[A] homologia entre imobilidade e morte regressa para assombrar a imagem em movimento.
Laura Mulvey
Psycho (Psico, 1960) é um filme incontornável na história do cinema de Hollywood, apesar de à data de estreia ter dividido a crítica. No entanto, o sucesso de bilheteira e as quatro nomeações aos Óscares, incluindo a de melhor realizador, chamou a atenção de todos. Hoje é quase unânime para a crítica internacional que Psico é um dos melhores filmes de Alfred Hitchcock e uma obra de arte do cinema americano.
Realizadores, filósofos e artistas identificam em Psico o advento de uma nova linguagem fílmica; um momento singular de autorreflexibilidade moderna alicerçado nos elementos tradicionais da narrativa clássica da Hollywood de então; ou se quisermos, uma encarnação do moderno projetado pela primeira vez na tela das massas.
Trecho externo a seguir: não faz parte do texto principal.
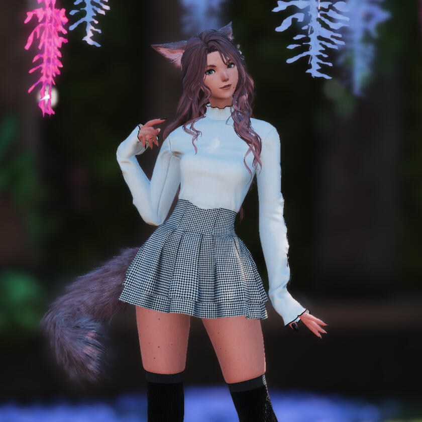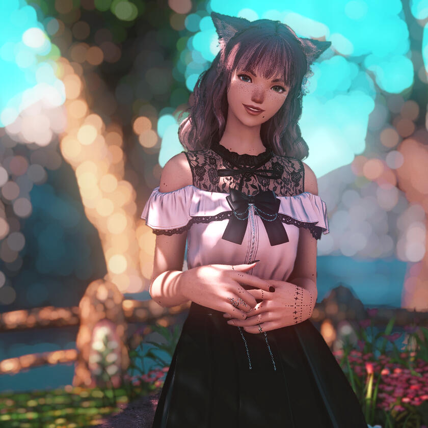 Aelene was raised in a small tribe in gridania by her mother and grandmother. Teasingly they both would tell her, "you are too restless, child. One would think you are a seeker of the sun, not a keeper of the moon." But Aelene would not settle. Instead she often would be found trouncing through meadows with the sylphs and climbing trees with the moogles. At the age of thirteen the miqo’te stumbled across a travelling troupe of dancers set to perform at a party being held in the lavender beds as they rehearsed. Aelene became enchanted by their tulle and silk, following them around like a kitten until they left the shroud. At the age of eighteen Aelene mustered up the courage to leave the shroud to join that troupe, head held high waving farewell to her mother and grandmother with promises to return every autumn.

Destaca-se, desde logo, a célebre cena do duche protagonizado por Janet Leigh. 3 minutos (78 fotogramas e 52 cortes) são suficientes para o olhar do espectador ser forçosamente conduzido a percorrer a ténue fronteira que separa a imobilidade da morte e o movimento no cinema, numa premonitória tendência que Miriam Hansen apelida de “modernismo popular” e Laura Mulvey descreve como uma sensação de novo a partir de um rearranjo do velho.
A morte de Marion Crane
A história adaptada do romance de Robert Bloch com o mesmo título dá-nos a conhecer a vida de Marion Crane, uma secretária do ramo imobiliário que rouba 40.000 dólares do escritório onde trabalha com o propósito de saldar as dívidas do seu amante, Sam. Entre o plano de fuga a caminho da Califórnia – morada do amante –, sob uma noite de tempestade, a protagonista decide pernoitar num remoto motel de beira de estrada (Bates Motel), onde pouco tempo depois acabará por morrer.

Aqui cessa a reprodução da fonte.